Once you reach the line that holds "Here is the" in the listing below, output it and every line after it through the line that holds "Allí debemos dar", word for word.

# Task material
┌──

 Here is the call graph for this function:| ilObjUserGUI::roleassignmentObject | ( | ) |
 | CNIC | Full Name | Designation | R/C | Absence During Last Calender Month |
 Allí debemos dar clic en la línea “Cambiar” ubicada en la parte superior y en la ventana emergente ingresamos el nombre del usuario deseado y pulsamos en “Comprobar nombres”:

└──
┌──

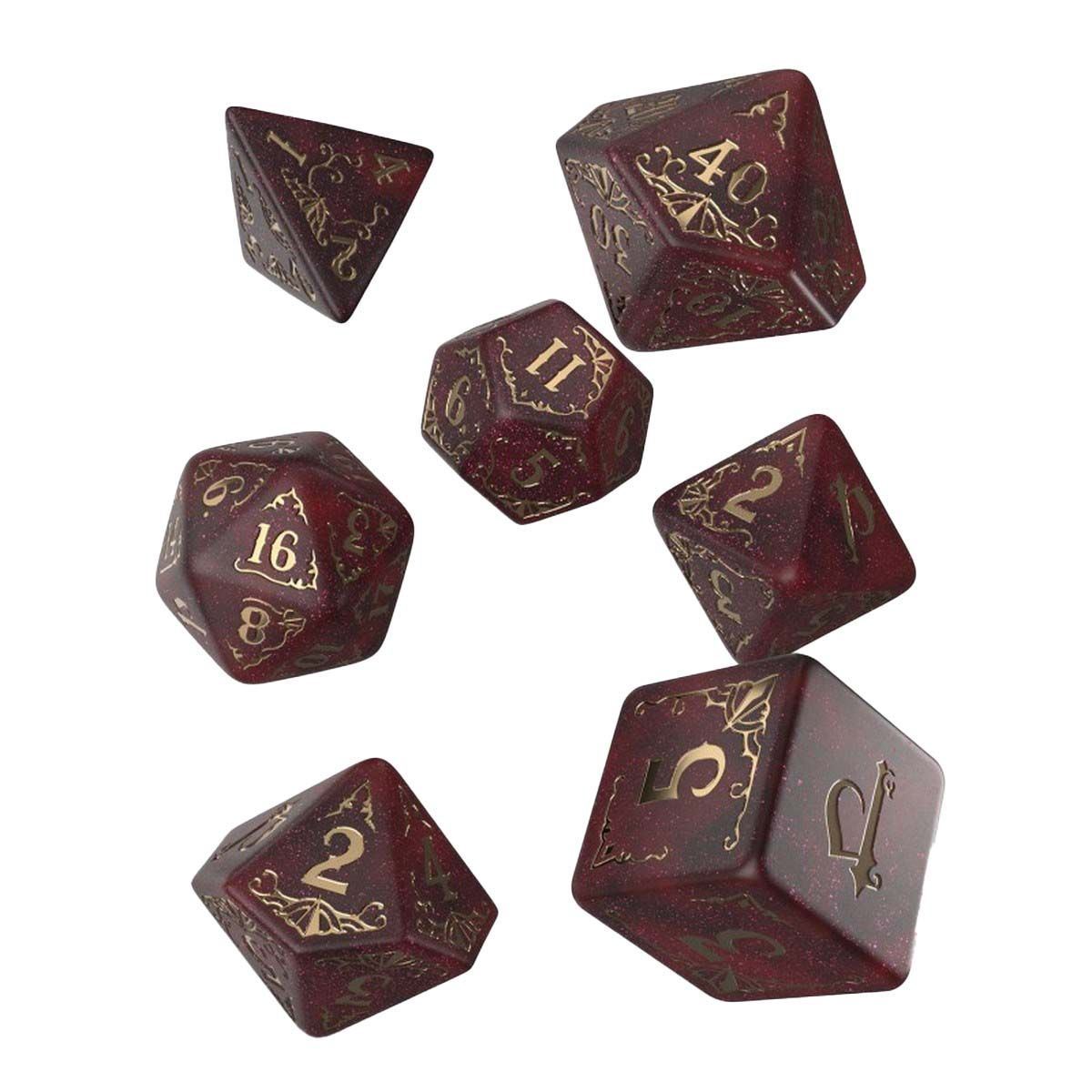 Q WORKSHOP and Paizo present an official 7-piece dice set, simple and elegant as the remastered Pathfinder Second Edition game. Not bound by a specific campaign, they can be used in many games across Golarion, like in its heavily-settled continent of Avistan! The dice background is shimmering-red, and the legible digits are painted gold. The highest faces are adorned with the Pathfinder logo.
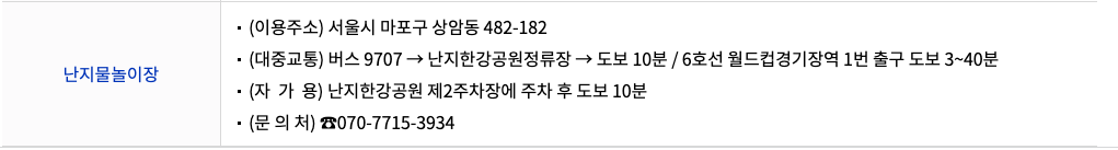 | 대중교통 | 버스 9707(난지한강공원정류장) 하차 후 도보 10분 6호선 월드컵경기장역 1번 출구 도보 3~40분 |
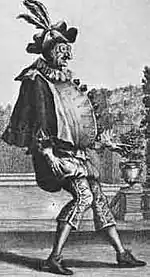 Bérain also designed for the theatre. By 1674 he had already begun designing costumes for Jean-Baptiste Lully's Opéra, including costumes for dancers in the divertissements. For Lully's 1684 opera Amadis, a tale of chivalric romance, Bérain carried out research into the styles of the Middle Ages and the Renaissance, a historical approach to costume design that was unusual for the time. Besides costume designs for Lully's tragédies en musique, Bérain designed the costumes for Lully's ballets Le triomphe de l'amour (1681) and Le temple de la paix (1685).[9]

└──

# Output of the task
 Here is the call graph for this function:| ilObjUserGUI::roleassignmentObject | ( | ) |
 | CNIC | Full Name | Designation | R/C | Absence During Last Calender Month |
 Allí debemos dar clic en la línea “Cambiar” ubicada en la parte superior y en la ventana emergente ingresamos el nombre del usuario deseado y pulsamos en “Comprobar nombres”:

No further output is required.